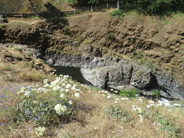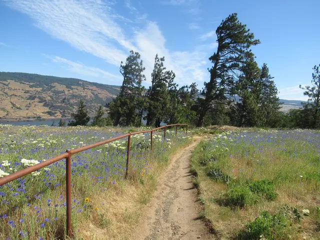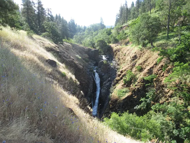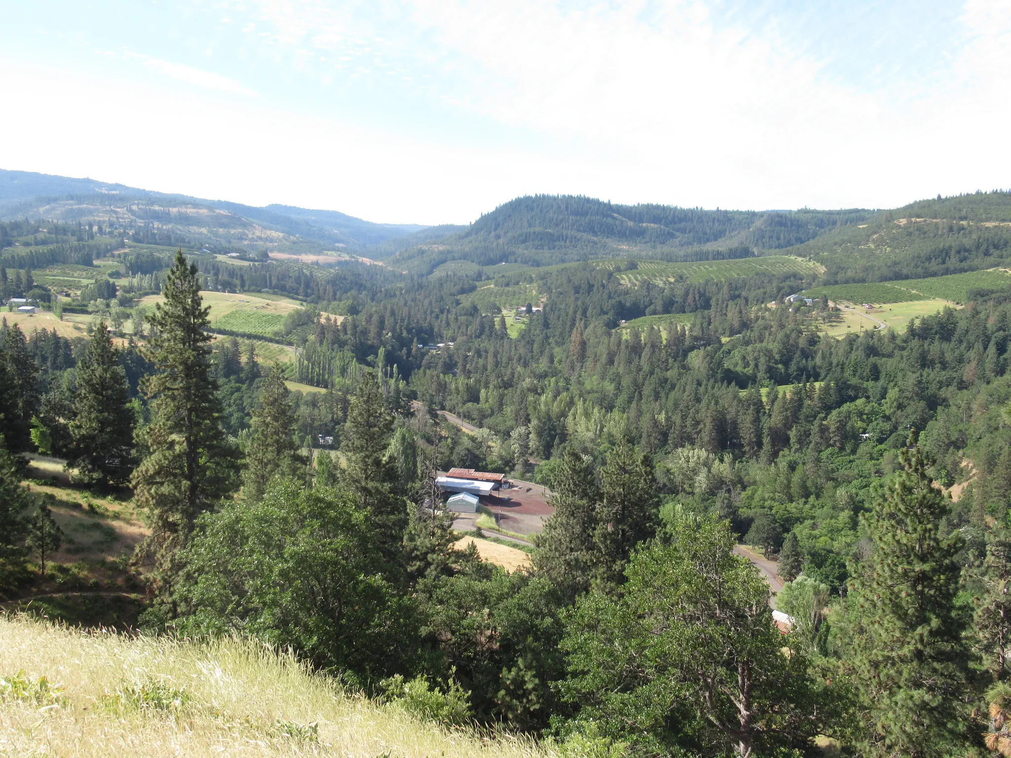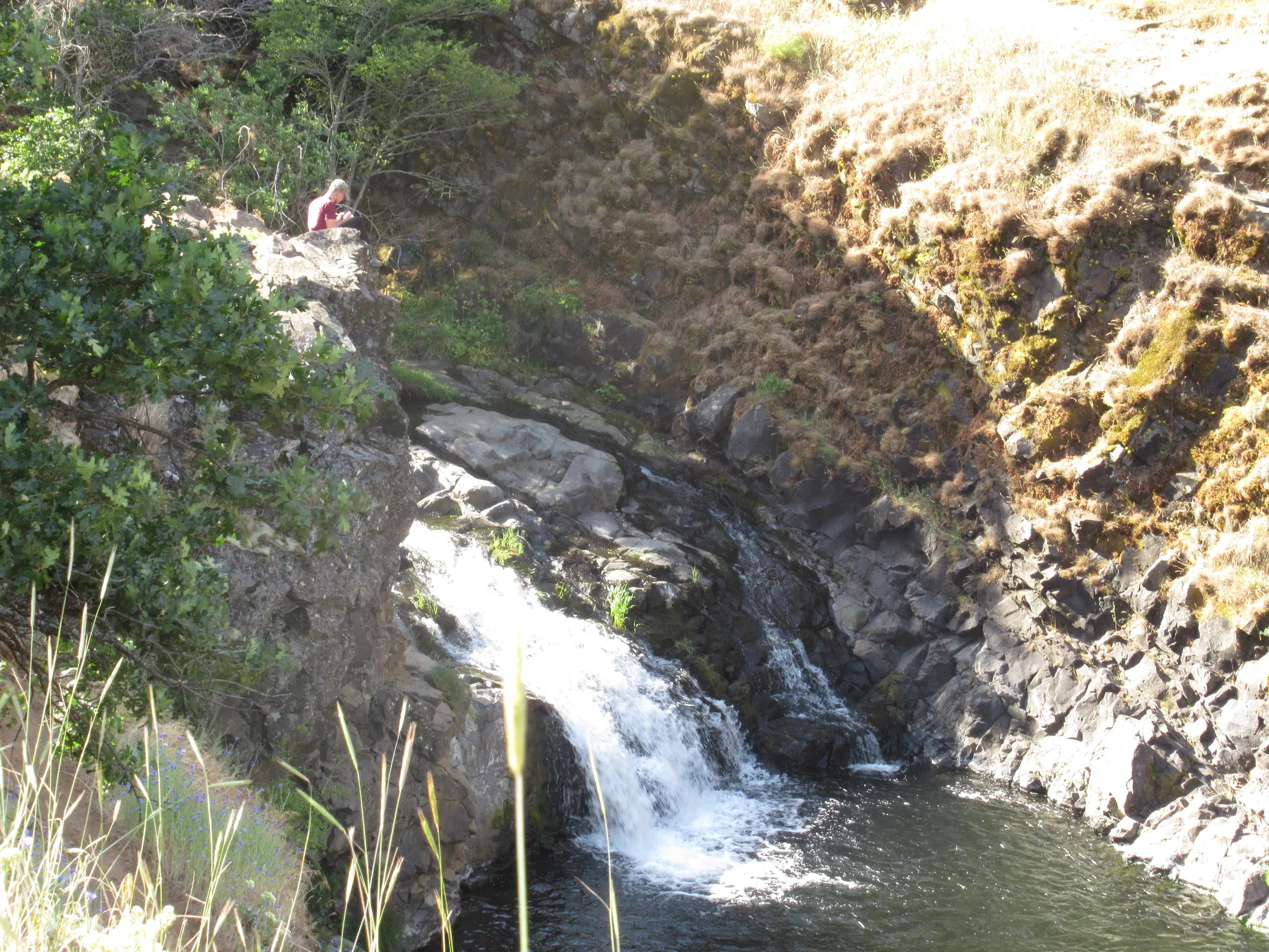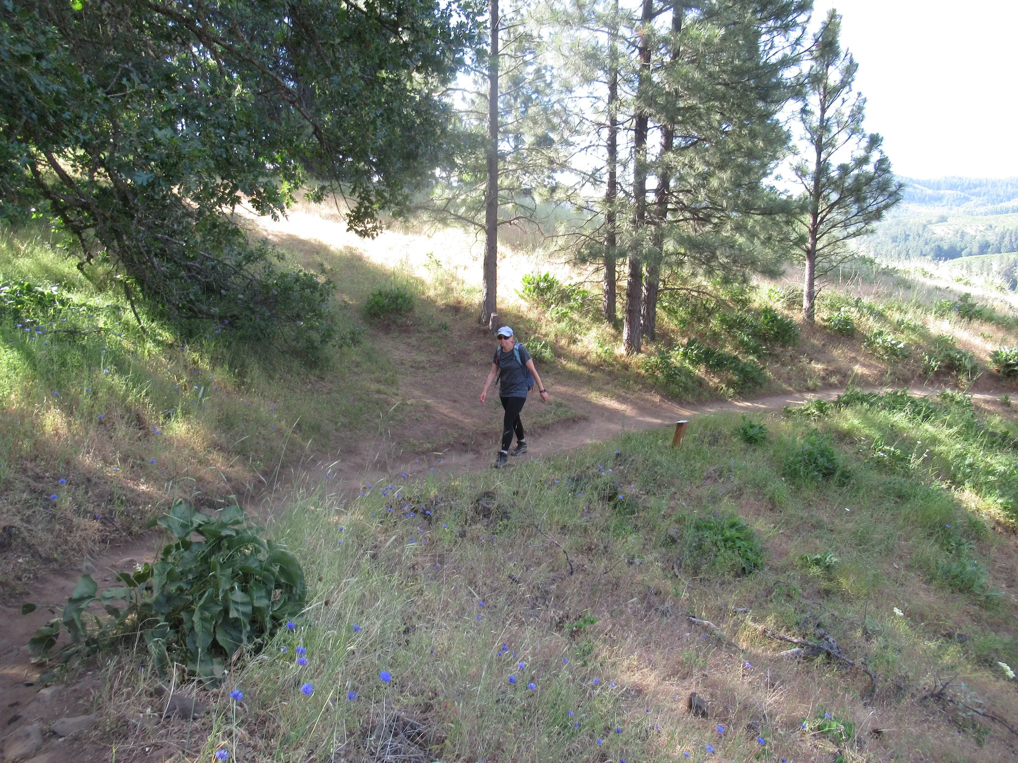The trail was called Mosier Plateau Trail. It had some uphill and switchbacks with good views, a gorge, a waterfall, and wildflowers. There were awesome houses overlooking the gorge and waterfall. We are definitely on the dry side of Oregon now. In hindsight, I should have planned at least one more night on the wet side; it is just so pretty with the greens and waterfalls.
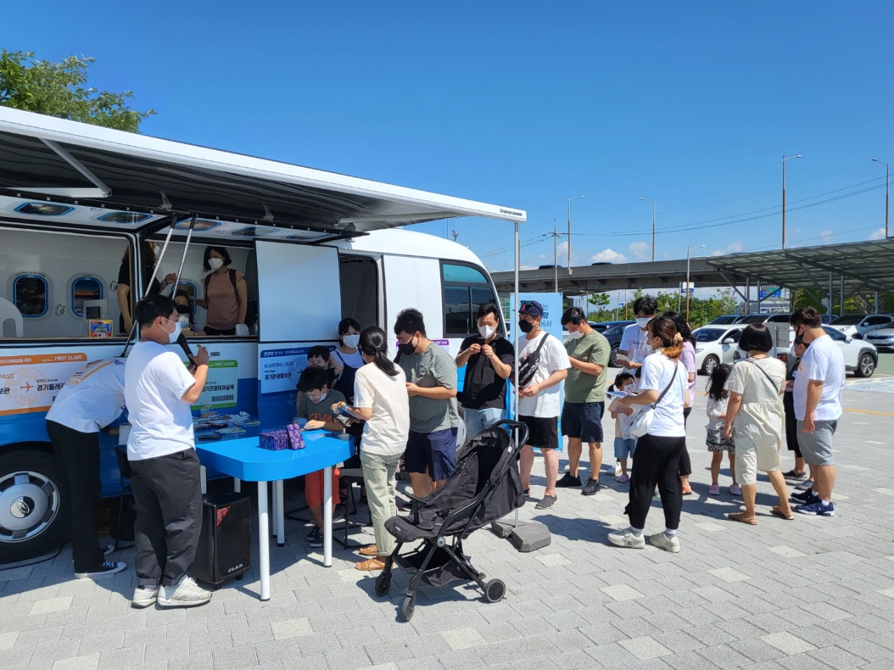 찾아가는 경기관광 홍보관은 비행기 모양의 특수 제작된 차량으로 체험, 영상, 안내물 등을 활용해 도내 관광지를 알리는 이동식 홍보관이다.
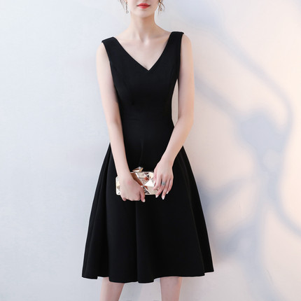 2025年新款高级感赫本风小黑裙吊带V领无袖背心打底显瘦连衣裙女
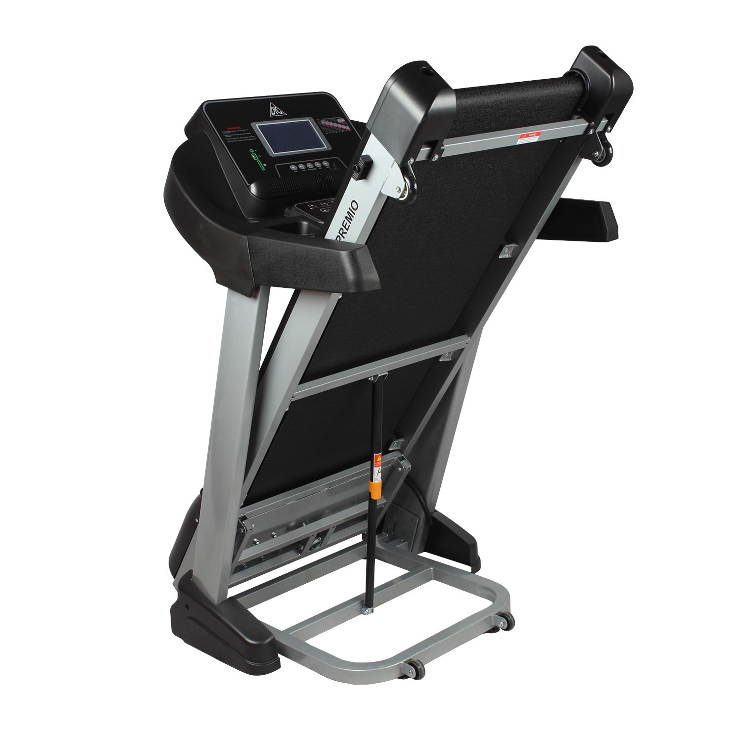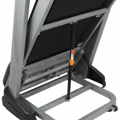 Беговая дорожка имеет складную конструкцию, что обеспечивает удобное хранение тренажера, когда он не используется. Мягкое и безопасное складывание дорожки обеспечивает гидроцилиндр. Для удобного перемещения в конструкции тренажера предусмотрены транспортировочные колеса.

----

Action item:
Restate the whole of the material word for word without the pictures.

Task result:
The trail was called Mosier Plateau Trail. It had some uphill and switchbacks with good views, a gorge, a waterfall, and wildflowers. There were awesome houses overlooking the gorge and waterfall. We are definitely on the dry side of Oregon now. In hindsight, I should have planned at least one more night on the wet side; it is just so pretty with the greens and waterfalls.
 찾아가는 경기관광 홍보관은 비행기 모양의 특수 제작된 차량으로 체험, 영상, 안내물 등을 활용해 도내 관광지를 알리는 이동식 홍보관이다.
 2025年新款高级感赫本风小黑裙吊带V领无袖背心打底显瘦连衣裙女
 Беговая дорожка имеет складную конструкцию, что обеспечивает удобное хранение тренажера, когда он не используется. Мягкое и безопасное складывание дорожки обеспечивает гидроцилиндр. Для удобного перемещения в конструкции тренажера предусмотрены транспортировочные колеса.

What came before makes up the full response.